It is Government policy to achieve the necessary change in the backstop that will cause me to review and change my advice. That is Government policy; that is the subject of the discussions that we are having. I would say that it has come to be called “Cox’s codpiece”. What I am concerned to ensure is that what is inside the codpiece is in full working order.
Well! I hope everybody heard that. In the interests of the accessibility of our proceedings—in case anybody did not hear it—the right hon. and learned Gentleman referred to Cox’s codpiece. I have repeated it so that the alliterative quality is clear to all observers.
Thank you for that breather, Mr Speaker.
They say that the definition of insanity is repeating the same thing and expecting different results. Given that the Attorney General has not and will not be able to change a single word in this withdrawal agreement, how exactly would he describe the Government’s plans to put it to a vote again in this House next week?
The plans for next week are not mine to decide, but what I can tell the hon. Gentleman is this: we are discussing detailed, coherent, careful proposals, and we are discussing text with the European Union. I am surprised to hear the comments that have emerged over the last 48 hours that the proposals are not clear; they are as clear as day, and we are continuing to discuss them.
Will my right hon. and learned Friend give Parliament 48 hours’ notice or, at any rate, properly full notice of the outcome of his discussions with the EU? Will he provide to Parliament a draft of the withdrawal and implementation Bill, so that my European Scrutiny Committee, and others in Parliament and others outside, can assess how the withdrawal agreement will be enacted in domestic law, as obliged by article 4 of the withdrawal agreement; how the Bill would ensure the statutory manner in which the express repeal of the European Communities Act 1972 will be dealt with; and how the question of disapplication by the courts—by the Supreme Court—will be handled under that enactment?

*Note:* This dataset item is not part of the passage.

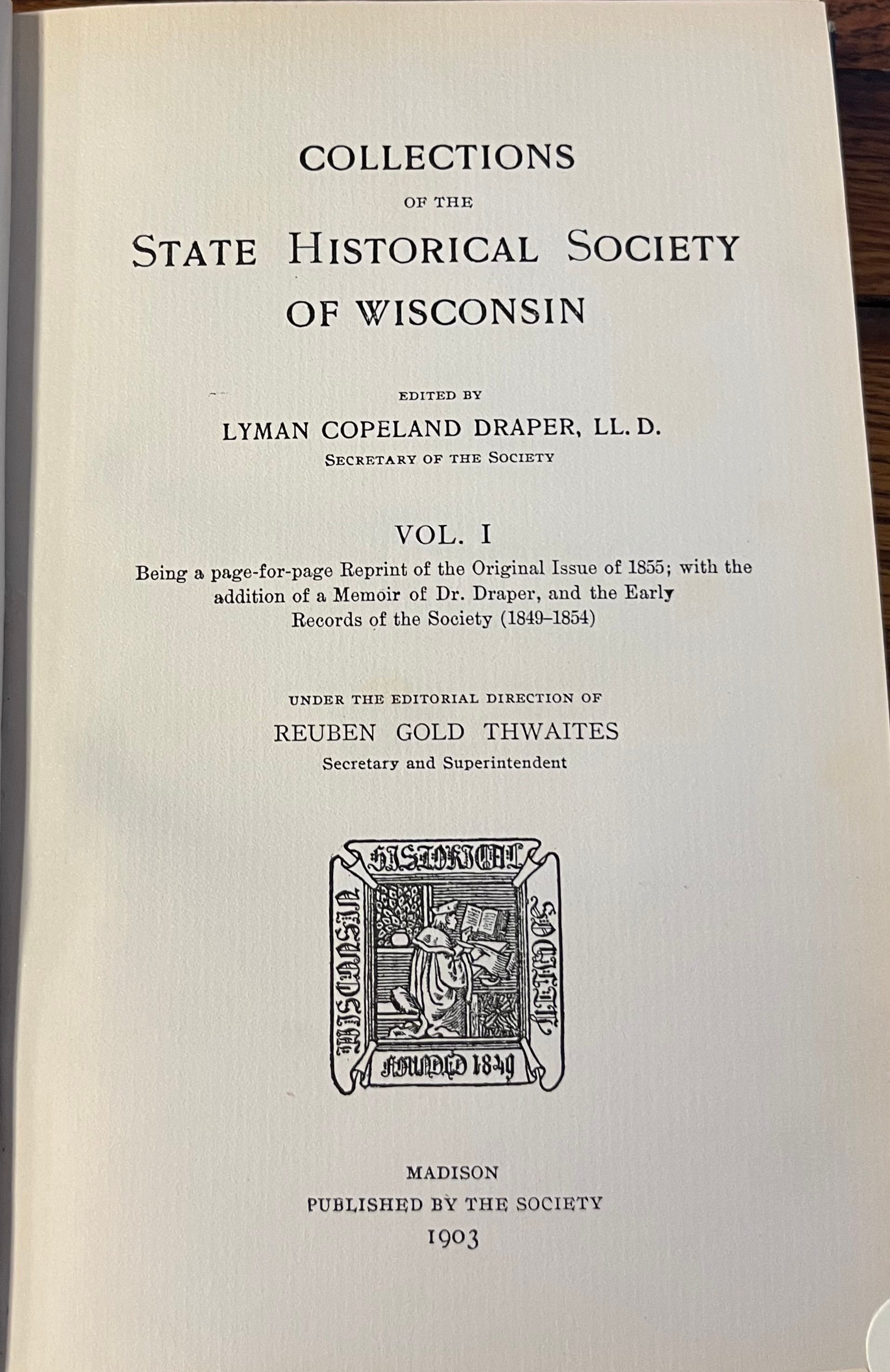 Collections of the State Historical Society of Wisconsin. V. I

We will endeavour to give as much notice as we possibly can. Of course those discussions are running. They will resume very shortly and continue almost certainly through the weekend. We will endeavour to give the House notice as early as we can, if and when we have something to report. My hon. Friend made a second point about the Bill. That is not for me to decide, although I will certainly discuss the matter with those who will make that decision. We will endeavour to give the European Scrutiny Committee, and my hon. Friend, the earliest possible notice.
The Attorney General is now in the interesting position of leading on these negotiations, which means that—to follow his nomenclature—he will end up examining his own codpiece in front of the House of Commons. How can he provide the objective advice to the House on which we rely when he will, in effect, be marking his own homework?
The law is the law. The question of whether whatever is negotiated with the European Union affects the legal risk of the indefinite duration of the backstop is a matter that I shall judge entirely impartially and objectively. If I did not, I would be conscious that there are many lawyers—
The hon. Gentleman may be right. There are many lawyers who are eminently capable of deciding whether I have got my judgment right or wrong.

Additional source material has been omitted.